Why Global Citizens Should Care
Period poverty is the lack of access to sanitary products, menstrual hygiene education, toilets, handwashing facilities, and waste management. Every day, students around the world miss school because they're unable to manage their periods. To end extreme poverty we need to break harmful taboos about menstruation, provide education, and promote safe sanitation. You can join us and take action on this issue here.

College students are teaching their city that period poverty doesn’t only happen in developing countries –– it’s a problem right at home. 

Musicians, local artists, and community members will raise funds for menstrual hygiene products and education in Bozeman, Montana, on Saturday at “That Time of the Month.” The student-led organization Crescent Montana is hosting the event in partnership with a local coffee shop and is a part of the PERIOD organization’s first #NationalPeriodDay on Oct. 19, when all 50 states will rally to elevate the issue of period poverty in the US. 

“This is an issue that everybody should be passionate about because it is 50% of our students who are affected by something that can potentially seriously hurt their education,” Owen Burroughs, a sophomore-year student studying political science and microbiology at Montana State University (MSU) told Global Citizen. “You don't have to be a woman to talk about this.” 

Burroughs and Jessica Brito founded Crescent Montana at MSU in 2018, to help provide middle and high school students with access to menstrual products. The organization aims to provide information on how to help low-income and at-risk people who menstruate.

Burroughs and Brito grew up in Bozeman, and when they stayed in the city to attend college, they wanted to find a way to give back. The friends took an interest in specifically helping rural communities and the large Native American population in the state –– a marginalized group that is often denied quality education. 

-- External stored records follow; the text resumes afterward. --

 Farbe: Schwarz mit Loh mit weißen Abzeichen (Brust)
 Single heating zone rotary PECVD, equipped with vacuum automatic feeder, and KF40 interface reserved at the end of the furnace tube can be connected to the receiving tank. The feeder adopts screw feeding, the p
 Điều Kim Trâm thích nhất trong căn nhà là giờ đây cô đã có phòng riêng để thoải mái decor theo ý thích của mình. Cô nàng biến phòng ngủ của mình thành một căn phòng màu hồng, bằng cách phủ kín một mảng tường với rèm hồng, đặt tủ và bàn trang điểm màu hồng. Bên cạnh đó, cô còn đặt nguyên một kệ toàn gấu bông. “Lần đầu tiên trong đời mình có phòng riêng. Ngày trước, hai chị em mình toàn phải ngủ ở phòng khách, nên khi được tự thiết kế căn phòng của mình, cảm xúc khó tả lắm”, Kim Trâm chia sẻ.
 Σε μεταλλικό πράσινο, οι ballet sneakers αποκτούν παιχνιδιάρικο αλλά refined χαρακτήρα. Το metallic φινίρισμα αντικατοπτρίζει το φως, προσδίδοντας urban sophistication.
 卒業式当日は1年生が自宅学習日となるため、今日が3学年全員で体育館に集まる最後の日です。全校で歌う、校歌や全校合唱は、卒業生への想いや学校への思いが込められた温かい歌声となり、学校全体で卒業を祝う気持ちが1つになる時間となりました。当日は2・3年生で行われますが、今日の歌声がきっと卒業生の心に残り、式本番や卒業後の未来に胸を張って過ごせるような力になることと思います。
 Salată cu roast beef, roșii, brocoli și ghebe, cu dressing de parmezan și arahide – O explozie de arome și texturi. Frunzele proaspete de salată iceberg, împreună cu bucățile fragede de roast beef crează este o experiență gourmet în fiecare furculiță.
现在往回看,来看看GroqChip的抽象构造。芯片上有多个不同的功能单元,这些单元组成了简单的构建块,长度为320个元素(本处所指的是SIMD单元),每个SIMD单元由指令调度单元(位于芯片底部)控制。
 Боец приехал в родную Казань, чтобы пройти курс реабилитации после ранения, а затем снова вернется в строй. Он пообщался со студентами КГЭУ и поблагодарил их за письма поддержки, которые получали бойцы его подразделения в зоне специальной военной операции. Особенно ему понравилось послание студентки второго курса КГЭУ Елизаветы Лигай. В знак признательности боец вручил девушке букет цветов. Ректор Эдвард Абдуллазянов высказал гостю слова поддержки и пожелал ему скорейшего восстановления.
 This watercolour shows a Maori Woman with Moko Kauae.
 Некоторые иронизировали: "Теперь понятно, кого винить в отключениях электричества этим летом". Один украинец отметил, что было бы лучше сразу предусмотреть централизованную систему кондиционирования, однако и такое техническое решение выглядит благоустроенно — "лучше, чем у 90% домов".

“My grandmother grew up poor on an Indian reservation and missed out on school when she had her period,” board member Abby Bernard said in a statement released to Global Citizen. “Toilet paper is free in bathrooms, why shouldn’t pads and tampons be free?” 

Crescent Montana wasn’t satisfied with local schools' efforts to make period products accessible –– often students must ask school nurses to get them, which can be embarrassing and perpetuates the stigma attached to menstruate. The group learned about strict no bathroom policies that can be damaging to students who are managing their periods. As a solution, the organization started building and installing inviting period product dispensers decorated with empowering words. They partnered with a local reproductive health center to include instructions for safe product use on the dispensers. 

Read More: This Teen Wrote a Bill to End Period Poverty in Schools

Products alone won’t solve period poverty, and Crescent Montana hopes to create a curriculum to give out to all students within classrooms that explains menstruation and decreases stigma. The organization is also discussing providing teachers with informational packets advising them on how to restructure their classrooms to be more inclusive of people who menstruate. 

Burroughs said the organization’s work has been well received so far. When Crescent Montana tested distributing 500 period products at Bozeman High School –– where pads and tampons were already available through the nurse’s office –– they had to restock within a month. 

Proceeds from the festival on Saturday will support Crescent Montana’s period product distribution initiatives. 

“You don't have to have a period to be angry about the current state of period poverty and to get involved,” Burroughs said.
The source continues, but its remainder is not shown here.